24/3/2014 Oireachtas members  attending a meeting in the Ardilaun Hotel on Monday by over 200 GPs to demonstrate their opposition to the proposed new GP contracts. The contract - which aims to provide free care for the under 6's - will create further problems in general practice and push GP's into an even deeper crisis, they say. Photo:- Mike Shaughnessy / No Fee. Issued on behalf of the NAGP For further information contact Chris Goodey, chief executive officer of the National Association of General Practitioners at 087 132 9

She also noted that under the Universal Health Insurance (UHI) plan the public were being sold the idea of universal access, but in fact, it was something different – a system that would have to be paid for through another means. She also noted that under such a system, insurance companies would have to take a profit thereby increasing costs.

Dr John Casey, who runs a practice in Clifden, spoke about the effect the FEMPI cuts had had on his patients and on his practice. The practice is a relatively big one, providing a range of services with four GPs and a nurse, but it had been ’emasculated’ in the last few years. He pointed out that in the Clifden area, some of the home visits can be up to 50 kilometres.

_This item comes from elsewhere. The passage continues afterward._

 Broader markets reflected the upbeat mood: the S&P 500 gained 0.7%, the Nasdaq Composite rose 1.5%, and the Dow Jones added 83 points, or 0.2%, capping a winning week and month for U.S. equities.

“We have four rounds of cuts which have had a savage effect – a 40% cut in resources to provide services. The cuts were applied to total practice income not salary,” he said.

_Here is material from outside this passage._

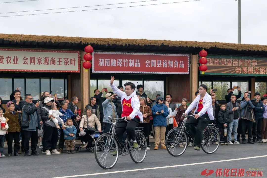 台下,白发老人、孩童游客围坐花海,跟着旋律轻轻哼唱,不少人举起手机记录下这乡野间的动人时刻。背景中,“会同魔芋”“尚王茶叶”等本地特产展位错落排布,在文化展演的同时,为乡村产业搭建起展示窗口。

He said that the GPs in his practice were working up to 70 hours a week and that a lot of their essential diagnostic equipment is not being replaced.

“I’ve been 40 years in general practice. The FEMPI cuts have been the worst thing that has happened in that time. In the UK and Belgium the Competition Act was set aside to allow docs to negotiate with the government and the same thing should happen here,” he said.Dr Seamus O’Beirne told the meeting that in Ireland less than 3% of €13 billion health budget was provided to run a 365-day-a-year service.

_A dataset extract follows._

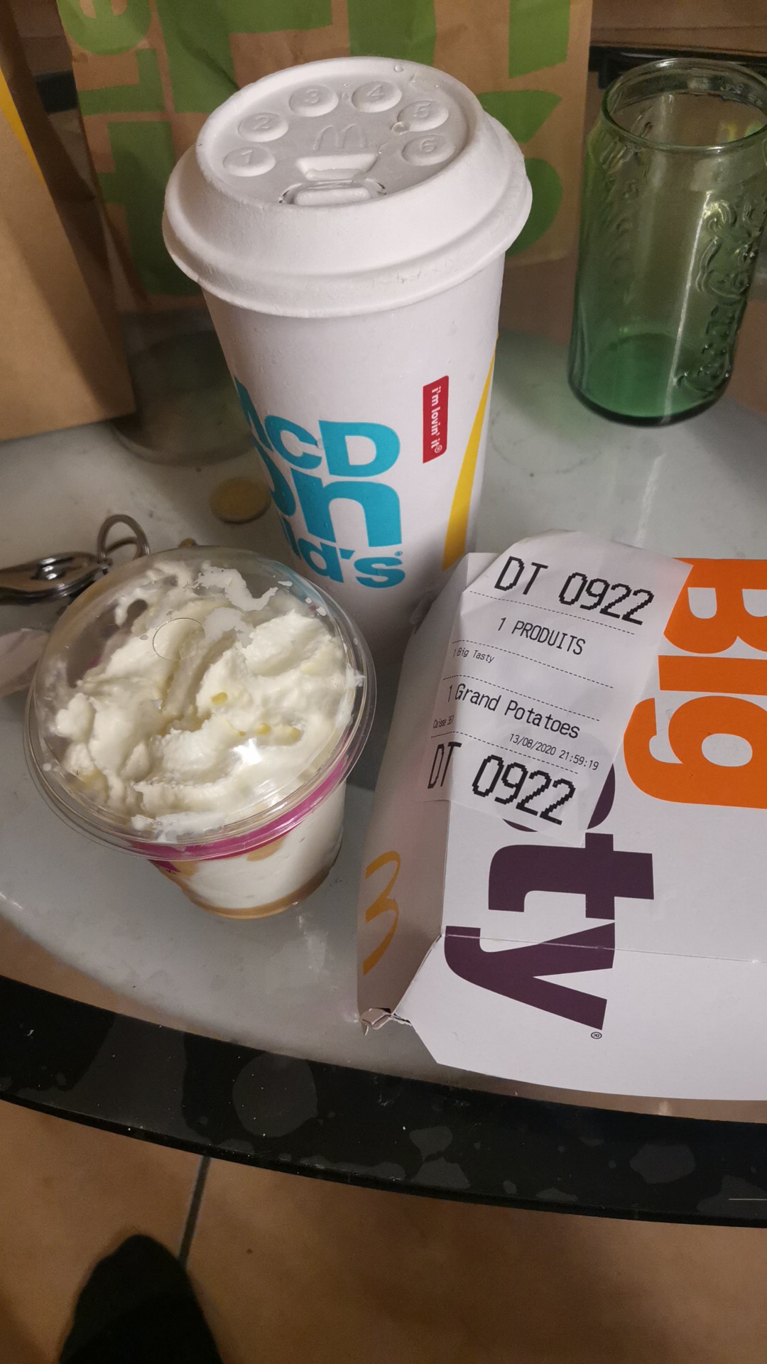 Voici ma commande, commandée sur le net et payée en ligne ! Un menu big tasty sans frites oubliées, pas de sauce et pas de serviettes et encore ils avaient oublié la glace ! En arrivant à la maison je me rend compte pour la frite incroyable d'oublier autant de choses

He noted that the Primary Care Strategy was ‘simply 13 years of failure’.

“You have to get personal responsibility in the HSE – like GPs have. I have a feeling that there’s a lot of people in the HSE who would whistle blow and I feel there’s a lot of fear in the HSE of proposed whistleblower legislation,” he said.

“Our enemy is ignorance of what we do and why we do it,” he added.

Galway GP Dr Dan Murphy – who chaired the meeting – said that he hoped that the high turnout of GPs would demonstrate the widespread opposition among GPs to the contract and call attention to the general issue of the crisis in general practice.

“These meetings are part of our on-going campaign to get out the message that general practice is in crisis”, said Dr Murphy. “We have been happy with the response from Oireachtas members who have attended our meetings so far. It is obvious that the real story of the crisis that is happening in general practice is being whitewashed by their party establishments, but TD’s and Senators attending our meetings are beginning to understand what is really happening.”

Dr Sinead Murphy said: “We are all in this together, and if the Department of Health want solutions they need to talk to the people that actually implement and deliver quality service to their patients every day.“

The Oireachtas members who attended the Galway meeting were Eamonn O Cuiv TD (FF), Sen Fidelma Healy Eames (FG), Sen Hildegarde Naughton (FG), Sen Trevor O Clochartaigh (SF), Derek Nolan TD (Lab), Noel Grealish TD (Ind), Brian Walsh TD (Ind), Sean Kyne TD (FG), Ciaran Cannon TD (FG), Micheal Kitt TD (FF), and Colm Keaveney TD (FF).

Most of the Oireactas members told the meeting that they were shocked at what was happening in general practice and vowed to bring the message of the meeting back to their parties.

Senator Hildegarde Naughton reflected the views of many of the Oireachtas members by saying: “The over-arching message from this meeting is that we need to have meaningful negotiation with general practice.”

Noel Grealish TD said that HSE ‘propaganda’ on GP salaries had to stop, while Senator Fidelma Healy Eames said that the contract as proposed was neither workable or safe.

The presentations were followed by several contributions from the floor.